Tavassoli F A, Casey H W, Norris H J
Gynecologic and Breast Pathology Department, Armed Forces Institute of Pathology, Washington, DC 20306.
Am J Pathol. 1988 May;131(2):213-34.
A total of 213 treated and 16 control monkeys comprising 12 experimental groups was evaluated for determination of the long-term (10 years) effects of various dosages of a variety of synthetic oral contraceptive steroids on the mammary glands of rhesus monkeys. The steroid hormones included mestranol, ethynerone, a combination of mestranol and ethynerone, chlorethynyl norgestrel plus mestranol, and anagestone acetate plus mestranol. Various degrees of physiologic lobular hyperplasia and lactational changes were observed in association with all of these steroid hormones; these changes appeared dose-dependent. Mestranol caused a proliferative atypia ranging from a minimal to a moderate degree in 8 of 34 (23%) animals, but it was not dose-related. Eleven of 15 monkeys (73%) administered ethynerone developed proliferative atypia, ranging in degree from minimal to severe, including one invasive carcinoma and 2 lesions resembling intraductal carcinoma in the human. The mestranol and ethynerone combination produced a proliferative atypia in 22 of 52 animals (42%), including five identical to intraductal carcinoma in the human and one identical to lobular neoplasia. Of the 40 monkeys administered anagestone acetate and mestranol, 20 (50%) developed proliferative atypias; the atypias ranged from mild to severe and included five resembling intraductal carcinoma in human breast. The chloroethynyl norgestrel and mestranol combination induced proliferative atypia in 25 of 52 monkeys (49%); six of these atypias were severe and indistinguishable from intraductal carcinoma of the human breast; and one, if in the human breast, would reflect a solid variant of an invasive carcinoma. Only 2 of the 16 control monkeys (12%) developed proliferative atypias, and these were of minimal to mild degree. The occurrence of severe degrees of atypia identical to intraductal carcinoma in the human breast and invasive carcinoma associated with hormone administration suggests a carcinogenic effect.

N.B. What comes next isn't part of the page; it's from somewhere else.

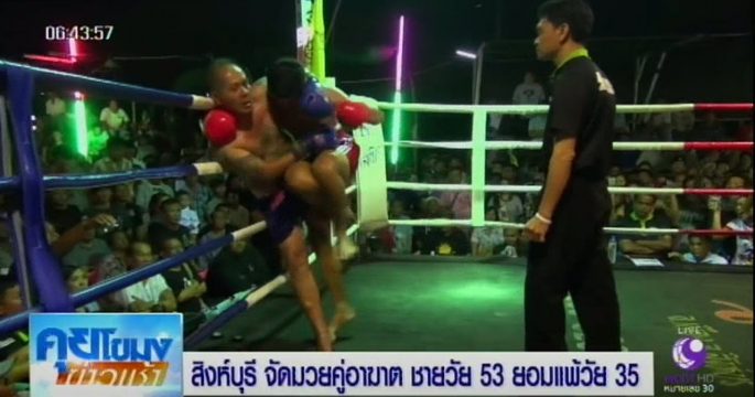 สิงห์บุรีจัดมวยคู่อาฆาต หนุ่มวัย 35 ปี กับลุง 53 ปี อดีตนักมวย เขม่นหน้ากันมานาน ผลนักมวยสูงวัยขอยอมแพ้ไปในยกที่ 2

对总共213只接受治疗的猴子和16只对照猴子(分为12个实验组)进行了评估,以确定各种剂量的多种合成口服避孕甾体激素对恒河猴乳腺的长期(10年)影响。甾体激素包括炔雌醇甲醚、炔诺酮、炔雌醇甲醚与炔诺酮的组合、氯炔诺孕酮加炔雌醇甲醚以及醋酸甲羟孕酮加炔雌醇甲醚。观察到所有这些甾体激素都伴有不同程度的生理性小叶增生和泌乳变化;这些变化呈剂量依赖性。炔雌醇甲醚在34只动物中的8只(23%)引起了从轻度到中度的增生性异型性,但与剂量无关。给予炔诺酮的15只猴子中有11只(73%)出现了增生性异型性,程度从轻度到重度不等,包括1例浸润性癌和2例类似于人类导管内癌的病变。炔雌醇甲醚与炔诺酮的组合在52只动物中的22只(42%)产生了增生性异型性,包括5例与人类导管内癌相同的病变和1例与小叶肿瘤相同的病变。在给予醋酸甲羟孕酮和炔雌醇甲醚的40只猴子中,20只(50%)出现了增生性异型性;异型性从轻度到重度不等,包括5例类似于人类乳腺导管内癌的病变。氯炔诺孕酮与炔雌醇甲醚的组合在52只猴子中的25只(49%)诱导了增生性异型性;其中6例异型性严重,与人类乳腺导管内癌难以区分;还有1例,如果在人类乳腺中,将表现为浸润性癌的实性变体。16只对照猴子中只有2只(12%)出现了增生性异型性,且程度为轻度到中度。与激素给药相关的严重程度与人类乳腺导管内癌相同的异型性以及浸润性癌的出现提示了致癌作用。